- [Problem]: Beginning at the line that contains "İtfaiye aracındaki kamera" and finishing at the line that contains "This colorful, rustic", output the data below exactly. Include both end lines and no pictures.

[[ The data, beginning ]]

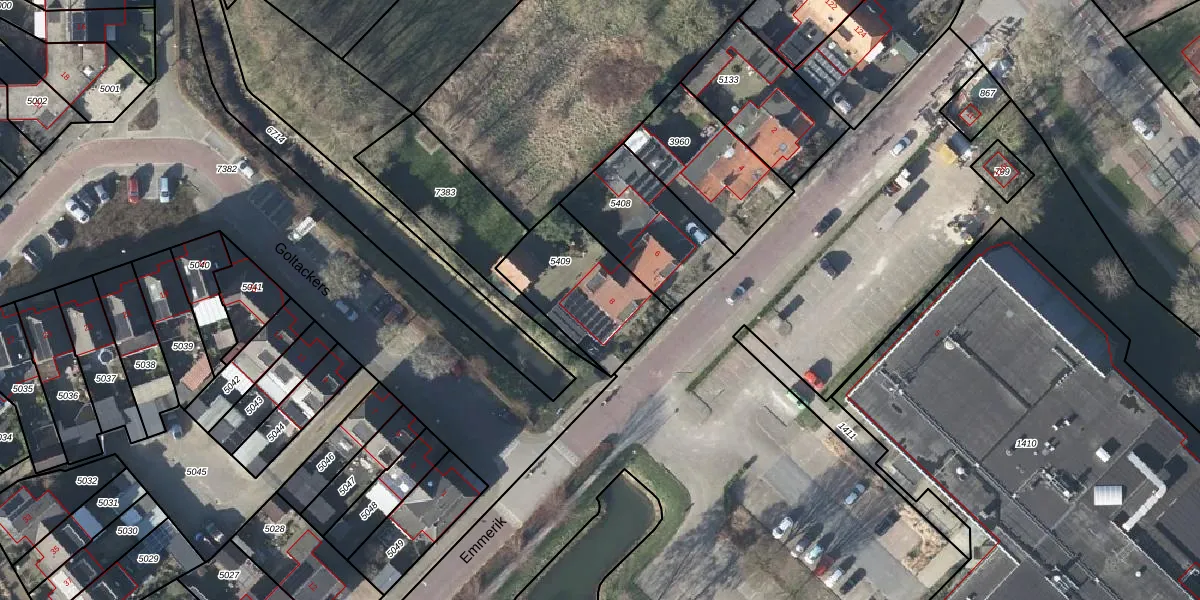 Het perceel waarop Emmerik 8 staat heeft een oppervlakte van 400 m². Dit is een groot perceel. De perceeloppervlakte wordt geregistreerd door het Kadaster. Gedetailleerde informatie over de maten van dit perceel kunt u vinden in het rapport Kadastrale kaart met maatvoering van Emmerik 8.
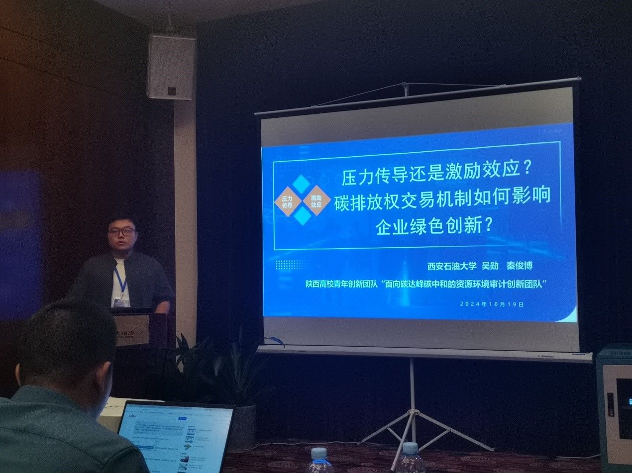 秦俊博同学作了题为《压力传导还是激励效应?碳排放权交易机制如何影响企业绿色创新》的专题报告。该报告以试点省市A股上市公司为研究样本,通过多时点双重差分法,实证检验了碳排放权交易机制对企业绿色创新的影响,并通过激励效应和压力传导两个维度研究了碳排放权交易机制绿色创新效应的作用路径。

[[ The data, end ]]
[[ The data, beginning ]]

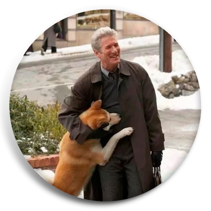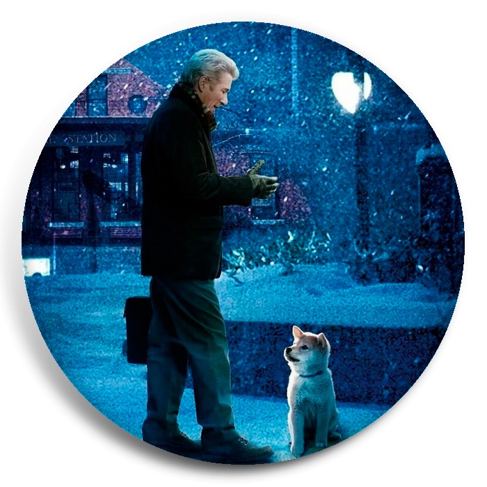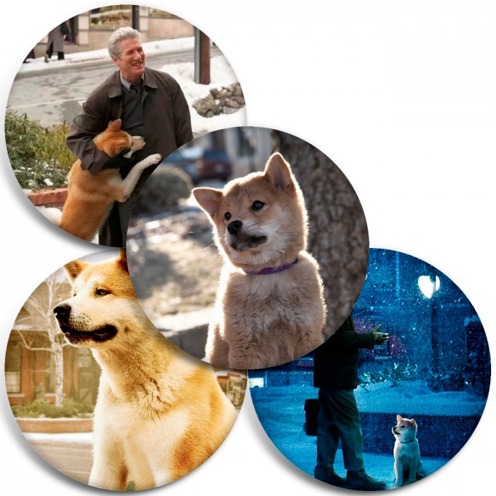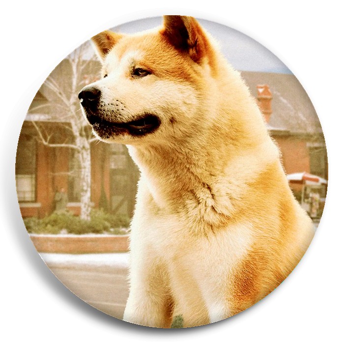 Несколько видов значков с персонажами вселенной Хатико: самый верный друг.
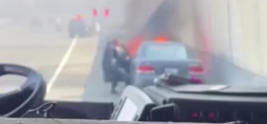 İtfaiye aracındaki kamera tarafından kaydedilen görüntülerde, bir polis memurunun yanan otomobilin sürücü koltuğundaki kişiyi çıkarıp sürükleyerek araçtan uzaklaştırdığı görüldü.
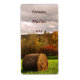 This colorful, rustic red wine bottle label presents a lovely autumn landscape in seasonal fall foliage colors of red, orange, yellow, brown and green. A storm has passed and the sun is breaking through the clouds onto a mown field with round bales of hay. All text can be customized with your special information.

[[ The data, end ]]

- [Exercise solution]:
 İtfaiye aracındaki kamera tarafından kaydedilen görüntülerde, bir polis memurunun yanan otomobilin sürücü koltuğundaki kişiyi çıkarıp sürükleyerek araçtan uzaklaştırdığı görüldü.
 This colorful, rustic red wine bottle label presents a lovely autumn landscape in seasonal fall foliage colors of red, orange, yellow, brown and green. A storm has passed and the sun is breaking through the clouds onto a mown field with round bales of hay. All text can be customized with your special information.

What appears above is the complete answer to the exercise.